United States president Donald Trump signed in December 2017 the “Act to provide for reconciliation pursuant to titles II and V of the concurrent resolution on the budget for fiscal year 2018,” informally known as the Tax Cuts and Jobs Act of 2017. We discuss the impact the changes will have on both corporations and individuals.
The Tax Cuts and Jobs Act contains the most significant revisions to the U.S. Tax Code in decades. It will substantially change how U.S. corporations are taxed, make modifications to the taxation of individuals and effect the manner in which international transactions are taxed. Areas of uncertainty will need to be clarified by regulations and notices issued by the U.S. Treasury Department and the Internal Revenue Service.
Some key changes are detailed below.
- The new federal corporate income tax rate drops to 21%, down from 35%.
- Allowances are now made for immediate expensing of most types of depreciable property other than real estate. As a result, corporate taxpayers can claim a 100% deduction in the year a property is placed in service, rather than having to depreciate it over time.
- U.S. corporations are subject to a modified "territorial" system of corporate taxation, where certain off-shore earnings are not to be subject to corporate tax in the U.S., and taxed at lower rates.
- The changes make the U.S. a more attractive location for a parent of a multi-national enterprise and will level the playing field somewhat compared to other jurisdictions.
Inbound Investment in U.S. Real Estate
The Act improves the tax landscape for inbound investment in U.S. real estate. Now, investments made by corporations or through entities treated as corporations (otherwise known as Blockers) will benefit from the new lower corporate rate.
The changes make the U.S. a more attractive location for a parent of a multi-national enterprise and will level the playing field somewhat compared to other jurisdictions.
As a results of the changes, real estate businesses will now generally be exempt from both the old and new earnings-stripping rules of section 163(j) (with real estate business being generally defined fairly broadly). This will allow for the use of cross-border leverage to reduce U.S. net basis tax and take advantage of exceptions from U.S. withholding tax for "portfolio interest" and under provisions of double tax treaties such as Article XI of the U.S. Canada Income Tax Treaty. It is worth noting that more restrictive earnings-stripping rules that would have applied to real estate subsidiaries that were part of certain international groups were dropped from earlier versions of the Act and did not become law.
Private Equity Funds
In terms of private equity, new carried interest rules impose a new three-year holding period for carried interest holders to benefit from capital gain rates.
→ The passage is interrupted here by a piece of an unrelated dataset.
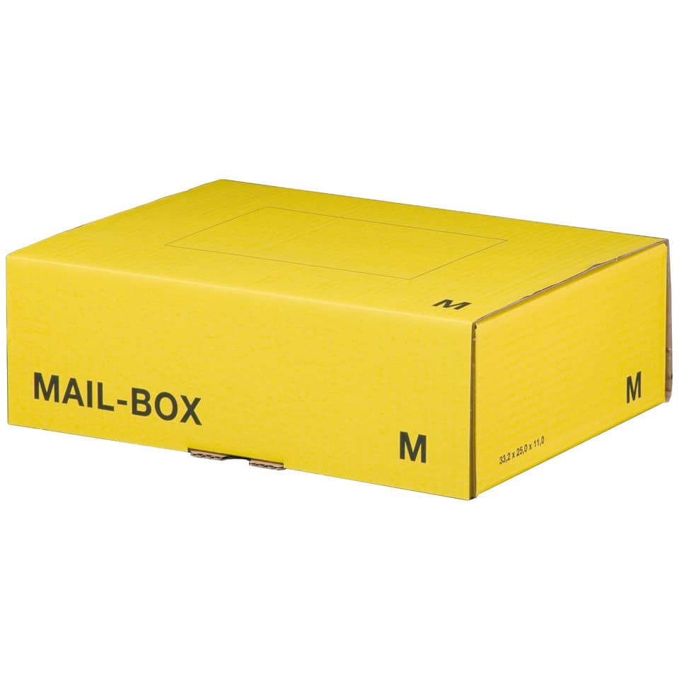Die Box entspricht der Postnorm. Schnell und leicht aufzurichten. Doppelsteckverschluss mit Verriegelung spart Klebeband. Geschlossener Boden. Farbe gelb. Lieferung flachliegend.

This means private equity fund sponsors may not want to sell any assets until at least three years after they are acquired.
Private equity fund sponsors may not want to sell any assets until at least three years after they are acquired.
Corporate Blockers used by funds will benefit from the new lower corporate rate, but will be subject to the new restrictive earnings-stripping rules with respect to non-real-estate businesses, which will limit interest deduction to 30% of EBITDA.
Full expensing of most depreciable property other than real estate will help lower effective tax rates for Blockers and taxable investors. Taxable U.S. investors will benefit in many scenarios from a new lower effective tax rate for pass-through income from active businesses.
Funds may be more reluctant to sell Blocker shares for reasons discussed under M&A below, and because the tax leakage inside the Blocker on an asset sale will be lower.
Secondary purchases and sales of interests in funds will have to deal with new rules that impose tax on gain from a sale by a non-U.S. resident on interest in a fund to the extent that a sale by the fund of its assets would have produced "effectively connected income."
A 10% withholding tax will also apply to the sale unless no portion of the gain would be treated as effectively connected income under the new rules. The manner of certifying that the withholding tax does not apply is not specified in the Act and will have to be developed through regulations. This withholding rule may significantly complicated secondary sales.
The new rules allowing immediate expensing of acquired assets may tilt the field toward asset acquisitions (or transactions treated as asset acquisitions for tax purposes) rather than stock acquisitions.
Eliminating net operating loss (or NOLs) carrybacks may cause some sellers to ask buyers to make "tax receivable" payments if and when the buyer uses the NOLs in future periods.
New restrictions on transferring assets used in a U.S. business to non-U.S. entities will make tax-free outbound M&A more difficult and may lead to more taxable transactions or structures that don't involve outbound transfers.
New base erosion payment regimes will make cross-border structures require more analysis to determine if payments among related parties trigger the new base erosion tax.
A base erosion payment regime will impose an alternative tax on corporations that make deductible payments to related foreign affiliates. The regime effectively functions like an excise tax (generally 10%, rising to 12.5% in 2026) on certain payments to related non-U.S. parties.
An additional base-erosion anti-hybrid rule will deny a deduction for cross-border payments from U.S. entities to offshore entities or branches through "hybrid" entities or branches. These are treated differently in non-U.S. jurisdictions than they are in the U.S.